*** Block opens ***

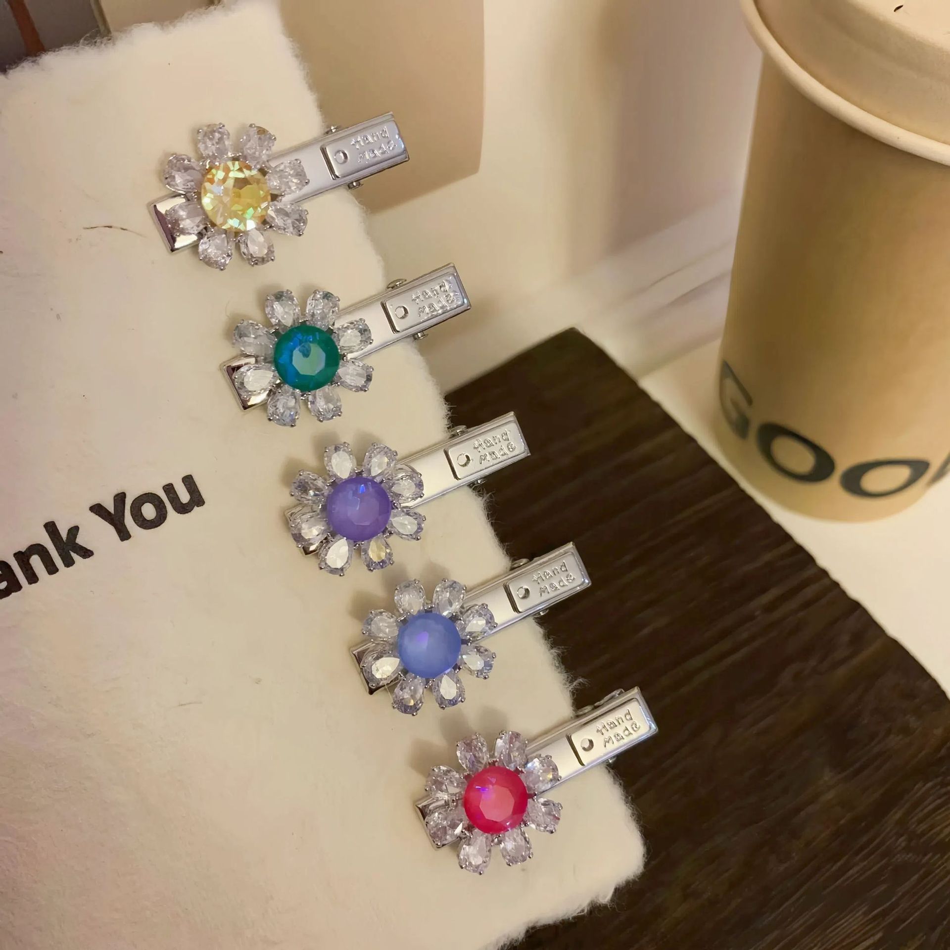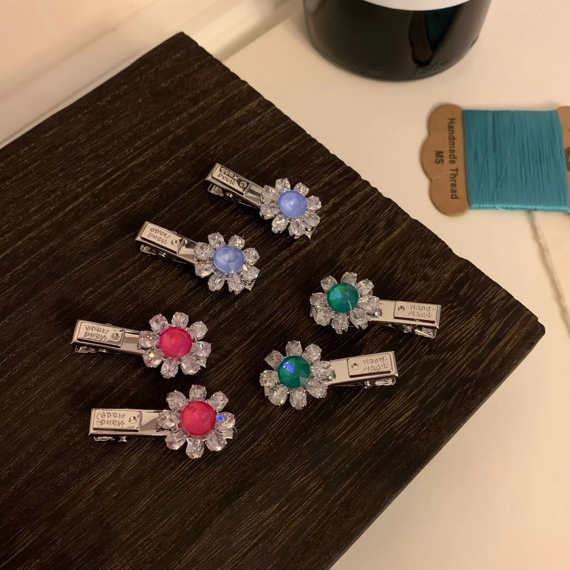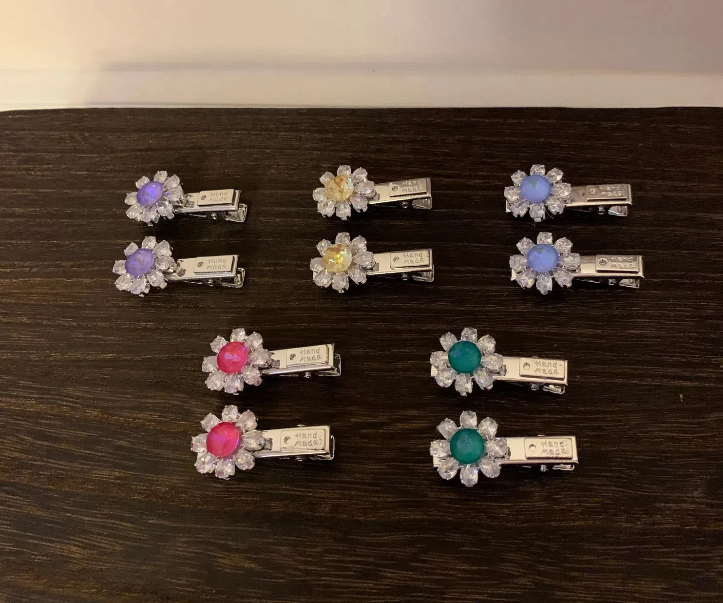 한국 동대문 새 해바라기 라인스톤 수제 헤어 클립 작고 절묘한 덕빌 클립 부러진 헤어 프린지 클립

*** Block closes ***
*** Block opens ***

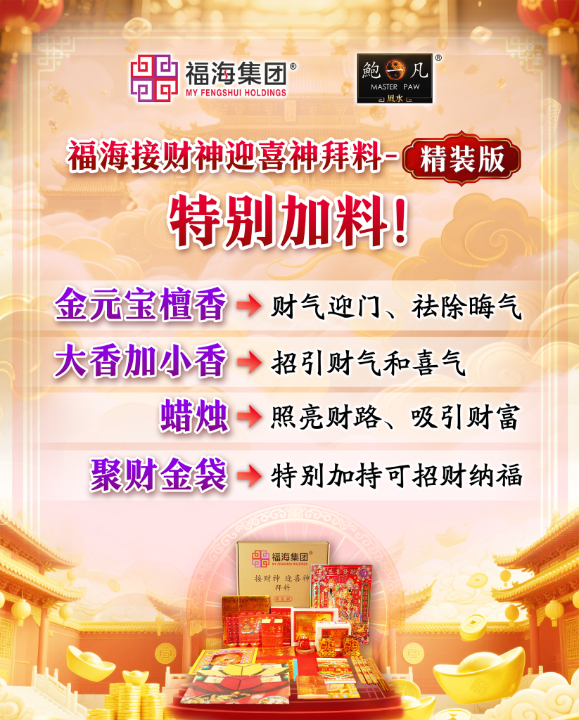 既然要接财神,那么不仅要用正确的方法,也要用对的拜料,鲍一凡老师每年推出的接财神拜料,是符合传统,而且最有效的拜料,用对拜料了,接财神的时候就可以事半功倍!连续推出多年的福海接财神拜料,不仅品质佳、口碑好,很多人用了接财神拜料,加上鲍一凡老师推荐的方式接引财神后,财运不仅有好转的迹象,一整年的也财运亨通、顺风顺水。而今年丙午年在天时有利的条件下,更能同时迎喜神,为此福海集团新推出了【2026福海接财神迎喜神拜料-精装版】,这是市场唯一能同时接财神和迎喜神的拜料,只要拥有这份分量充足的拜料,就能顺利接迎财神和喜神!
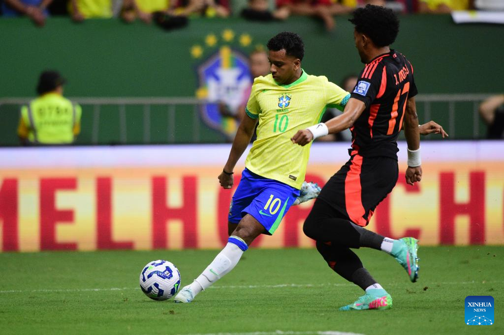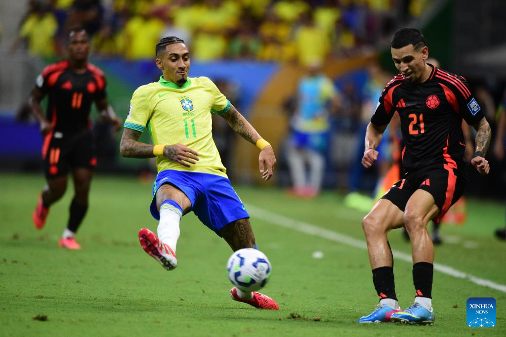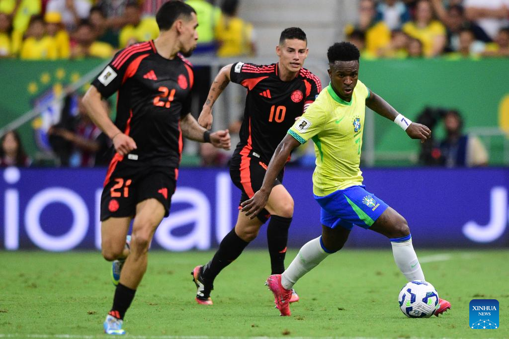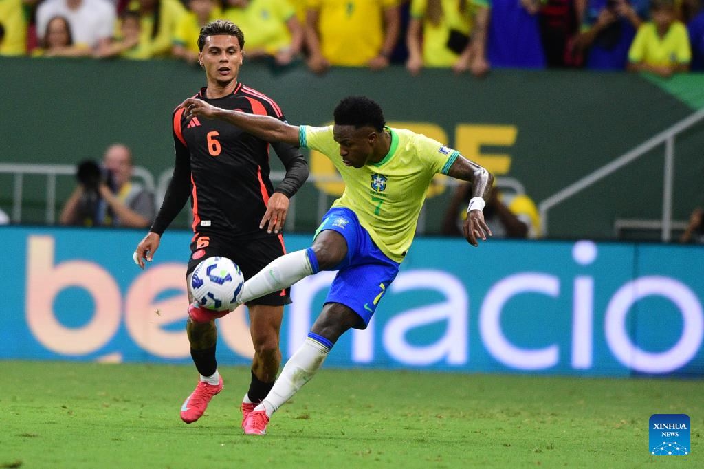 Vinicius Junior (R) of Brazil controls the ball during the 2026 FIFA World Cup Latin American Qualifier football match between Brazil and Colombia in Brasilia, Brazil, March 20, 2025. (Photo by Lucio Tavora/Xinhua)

*** Block closes ***

Task statement: Starting with the line above that holds "既然要接财神,那么不仅要用正", restate each line word for word up to and including the line that holds "Vinicius Junior (R)". Drop the pictures.

Solution to this problem:
 既然要接财神,那么不仅要用正确的方法,也要用对的拜料,鲍一凡老师每年推出的接财神拜料,是符合传统,而且最有效的拜料,用对拜料了,接财神的时候就可以事半功倍!连续推出多年的福海接财神拜料,不仅品质佳、口碑好,很多人用了接财神拜料,加上鲍一凡老师推荐的方式接引财神后,财运不仅有好转的迹象,一整年的也财运亨通、顺风顺水。而今年丙午年在天时有利的条件下,更能同时迎喜神,为此福海集团新推出了【2026福海接财神迎喜神拜料-精装版】,这是市场唯一能同时接财神和迎喜神的拜料,只要拥有这份分量充足的拜料,就能顺利接迎财神和喜神!
 Vinicius Junior (R) of Brazil controls the ball during the 2026 FIFA World Cup Latin American Qualifier football match between Brazil and Colombia in Brasilia, Brazil, March 20, 2025. (Photo by Lucio Tavora/Xinhua)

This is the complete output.